No glosik to on ma, obcy napewno sie boja :evil_lol: :evil_lol: :evil_lol: . Biedne psiorki zostaly w domu, a jest burza :shake: Dorian bardzo boi sie burzy, wiec chowa sie w kat.... Rana po operacji juz prawie sie zagoila, tylko futerko jeszcze nie odroslo. Sliczny z niego piesek, blizny na paszczy (pewnie od lopaty) tez juz zarosly brodka. Dobry z niego pies, szkoda ze ludzie zle traktuja takie dobre zwierzaki..

Link to comment
Share on other sites

O, Kasiu, teraz nareszcie każdy rozpozna które z Was pisze - Ty czy PiterW!:lol: :multi:

Blizny od łopaty...:shake: :-( Ludzie to czasem nie ludzie, nie zwierzęta nawet.:angryy:
Ale u Was Dori już na pewno zapomniał o smutnej przeszłości.

[quote name='Kate1205']Dorian bardzo boi sie burzy, wiec chowa sie w kat.[/quote]
:evil_lol: Taki duży, a serduszko zajęcze!
A tak na poważnie, jeśli psiaki bardzo się stresują burzą lub petardami w Sylwestra,warto poprosić weta o jakiś łagodny środek uspokajający i mieć zawsze w zapasie, a okna na takie okazje zamykać i zasłaniać.;)

Duża buźka dla całej Waszej rodzinki!:p

Link to comment
Share on other sites

Przeważnie to ja pisałam, ale teraz założyłam własne konto.

U Doriego wszystko ok, chyba jest szczęśliwy, bo paszcza wygląda na zadowoloną. Jak będzie cieplutko, to go wykąpiemy i chyba weźmiemy do fryzjera w celu skrócenia sierści (zarósł i niedługo będzie wyglądał jak lew). Piotrek się śmieje, że na głowie ma ,,irokeza" :lol: . No i musimy coś jeszcze wymyślić z zębami, bo ma pokryte nalotem (nie jest to jeszcze kamień) i cuchnie wciąż mu z paszczy. Czy psu można delikatnie wyczyścić ząbki szczoteczką do zębów??? A jeśli nie, to jak można mu wyczyścić zęby?

Pozdrawiamy
Kasia, Piotrek i zwierzaki :p

Link to comment
Share on other sites

Spróbujemy z tą pastą - może pomoże. Dziś jest brzydka pogoda, więc Dori straszny spioch...
Ogólnie, to musimy go trochę ,,temperować", bo z tej wielkej radości, że jest z nami wariuje ze szczęścia: skacze jak wrócimy do domu, wciąż podstawia swoje szanowne ciałko do głaskania, gdy głaszczemy małego Muffinka, rozpacza okopnie, jak na 5 min zostanie w domu, bo na spacerek idzie mały Muffinek (najczęściej, gdy jedno z nas jest w domu, to chodzimy z psami pojedynczo). Dori wtedy jęczy i wyje, że bardzo mu źle :evil_lol:

Link to comment
Share on other sites

  • 3 weeks later...

U Doriego wszystko dobrze :lol: Teraz bedziemy go chcieli wykapac. A potem chyba do fryzjera na strzyzenie. Mam pytanie, czy Doriana mozna ostrzyc? Bo to nie jest czysty sznaucer, wiec moze nie kazdego psa sie tnie. Mamy wrazenie, ze to mieszanka sznaucera i labradora (patrzac na ksztalt glowy).

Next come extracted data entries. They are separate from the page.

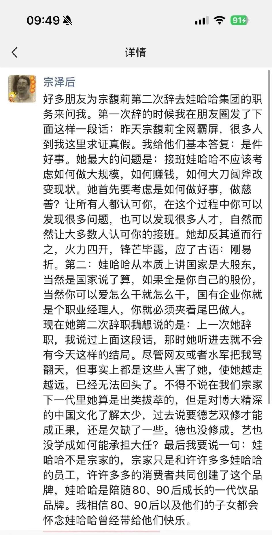 宗馥莉的亲叔叔咋像个婆娘?侄女遇到困难不帮忙也就算了。还不断地落井下石。 一会说宗馥莉艺没学好,德也没学好;一会说宗馥莉被水军害了;一会说她应该做慈善。 宗馥莉给新产品起名娃小宗,他叔叔就立即新创了娃小智,并且签约了100家供应商。 这叔叔不但说话难听,而且做事绝。 第一时间跟侄女抢占市场。精神上嘲讽恶心侄女,经济上断她钱财掘她后路。 他这个亲叔叔还是个碰瓷专家。 生产过“娃茅”白酒,碰瓷茅台后被罚款30多万。去年还生产了宗师傅AD钙奶,被罚款80万。 他还好意思劝别人多做慈善,他自己1分钱没捐过。 宗泽厚一把年纪了,就没想过亲哥哥地下有知会气得掀翻棺材板吗? 这个坏叔叔真是把落井下石、趁火打劫刻进骨髓里了。
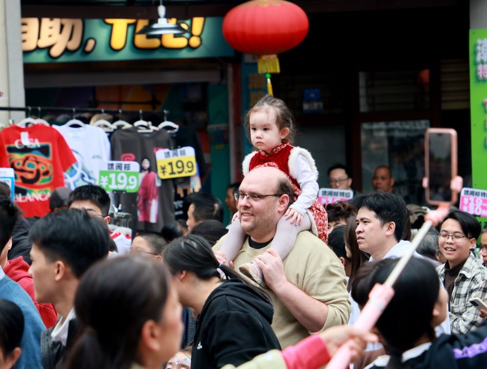 观光客变身年俗“体验官”。在北京,老外们逛庙会、啃糖葫芦、转风车,“比中国人还起劲”;在流光溢彩的上海豫园灯会上,穿着汉服逛非遗集市的老外,“与中国古人别无二致”;在天津古镇,拓年画、赏鱼灯、吃糖墩儿,自称不是“老外”而是“老乡”……
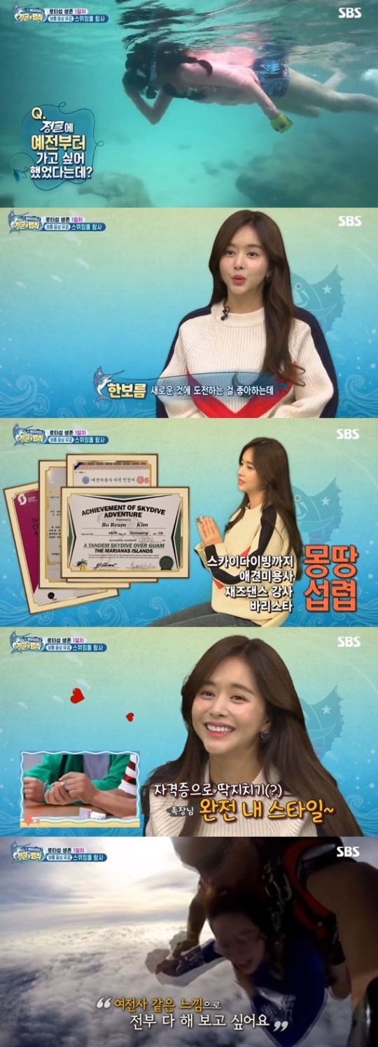 한보름은 바리스타 자격증, 재즈댄스 강사 자격증, 애견미용사 자격증, 스카이다이빙 자격증 등을 땄다고 말하며 다재다능한 모습을 보였다. 한보름은 이어 “헬스, 요가, 롱보드, 볼링, 자전거 등을 다양하게 즐기는 스타일”이라며 “여전사 같은 느낌으로 다 해보고 싶다”고 말했다.
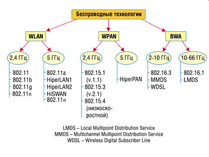 При построении сетей WLAN и WPAN, а также систем широкополосного беспроводного доступа (BWA - Broadband Wireless Access) применяются сходные технологии. Ключевое различие между ними (рис. 1.2) - диапазон рабочих частот и характеристики радиоинтерфейса. Сети WLAN и WPAN работают в нелицензионных диапазонах частот 2,4 и 5 ГГц, т. е. при их развертывании не требуется частотного планирования и координации с другими радиосетями, работающими в том же диапазоне. Сети BWA (Broadband Wireless Access) используют как лицензионные, так и нелицензионные диапазоны (от 2 до 66 ГГц).
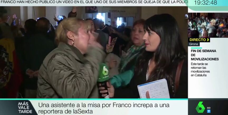 A pleno grito, acusó a Jaenes y a la cadena de "faltarle el respeto a Franco todos los días". Cuando la periodista le respondió que estaba en pleno directo y trabajando, la mujer añadió: "No trabajáis, porque si trabajarais iríais a Cataluña. Tenéis narices de meteros con un muerto, pero meteros con Cataluña".
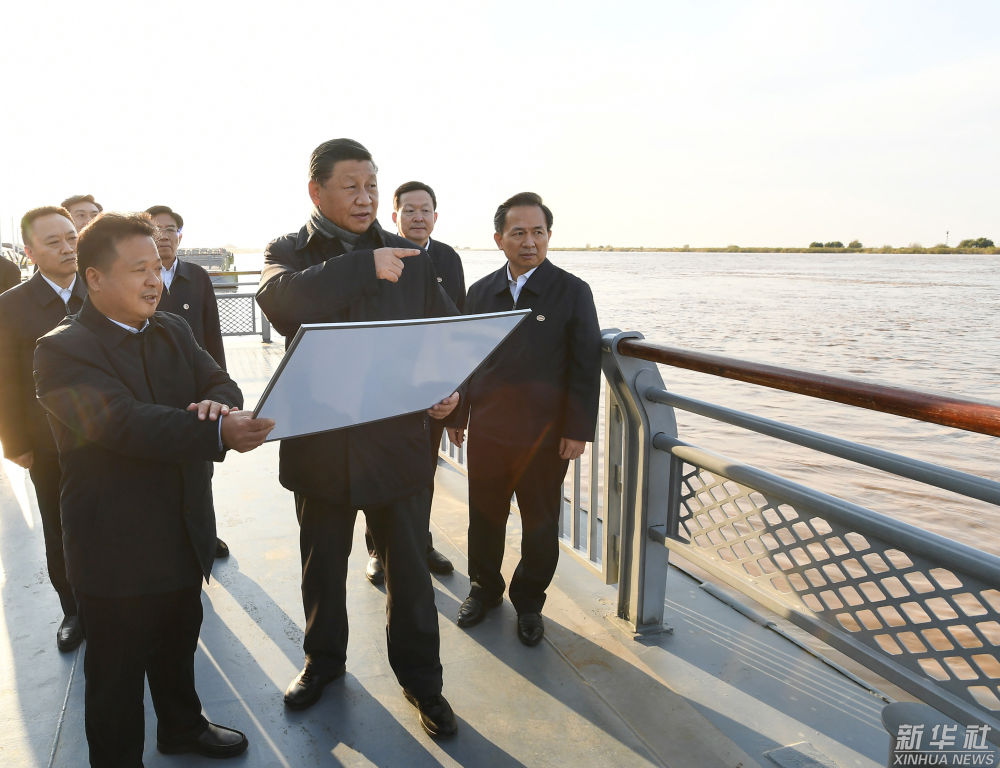 ↑2021年10月22日下午,習(xí)近平在山東省濟(jì)南市主持召開(kāi)深入推動(dòng)黃河流域生態(tài)保護(hù)和高質(zhì)量發(fā)展座談會(huì)并發(fā)表重要講話(huà)。這是座談會(huì)前,習(xí)近平20日下午在東營(yíng)市黃河入海口考察。

Z Muffinkiem sie jakos dogaduja, na spacerze jak jakis pies podejdzie i warknie, to muffinek zaraz sie denerwuje i szczeka, no i Dori wtedy robi wielkie hau. Dori wiec tylko czeka na sygnal malego... Teraz musimy uwazac. Nie mozemy przyzwyczaic Doriego do kaganca.

Link to comment
Share on other sites

Najpierw będą zdjęcia przed, a potem po wizycie w salonie. Wizytę planujemy za tydzień. Zdjęcia zrobimy w weekend i zamieścimy na dogo. Doriemu boczki się zaokrągliły, ale nie jest za gruby. Teraz to jest śmiesznie :lol: dori nie lubił warzyw, ale jak zobaczył, że mały zjada ze smakiem, to teraz tak wcina aż mu się uszy trzęsą. Psy są fajne :p

Co do kąpieli, to jeszcze zobaczymy, spytamy w salonie lub wykąpiemy go na dworze, bo pod prysznic się nie zmieści :evil_lol:

Link to comment
Share on other sites

Czytałam o małym Brunciu :lol:, 3 cm? to naprawdę dużo :crazyeye:

Dziś zrobimy zdjęcia Doriego w plenerze, to jutro załączymy. Nie ma Doriego w metamorfozach-spróbujemy tam dołączyć. Choć naszym zdaniem, bardzo się zewnętrznie (odkąd u nas jest) nie zmienił: trochę obrósł sierścią , ,,podtuczył się" :evil_lol:, no i broda mu urosła. Łapy ma wciąż jak nie na sznaucera przystało nieobrośnięte-bo sierść na łapach ma jak labrador :lol:. No nam to wcale nie przeszkadza, sznaucer, czy labrador, co za różnica?

Zmienił się natomiast ,,wewnętrznie", ze smutnego psa zrobił się z niego radosny, rozkoszny, skory do zabaw i biegania po łączkach olbrzym. Aż pysk mu się śmieje :eviltong:

Kate i zwierzaki

Link to comment
Share on other sites

[quote name='PiterW']Zmienił się natomiast ,,wewnętrznie", ze smutnego psa zrobił się z niego radosny, rozkoszny, skory do zabaw i biegania po łączkach olbrzym. Aż pysk mu się śmieje :eviltong:
[/quote]

:multi: :loveu: i to jest najważniejsze :laola: nie mogę się doczekać fotek cudownego brodacza :loveu:

Link to comment
Share on other sites

  • 3 months later...

Dlugo sie nie odzywalismy, bo mielismy mnostwo roznych spraw do zalatwienia.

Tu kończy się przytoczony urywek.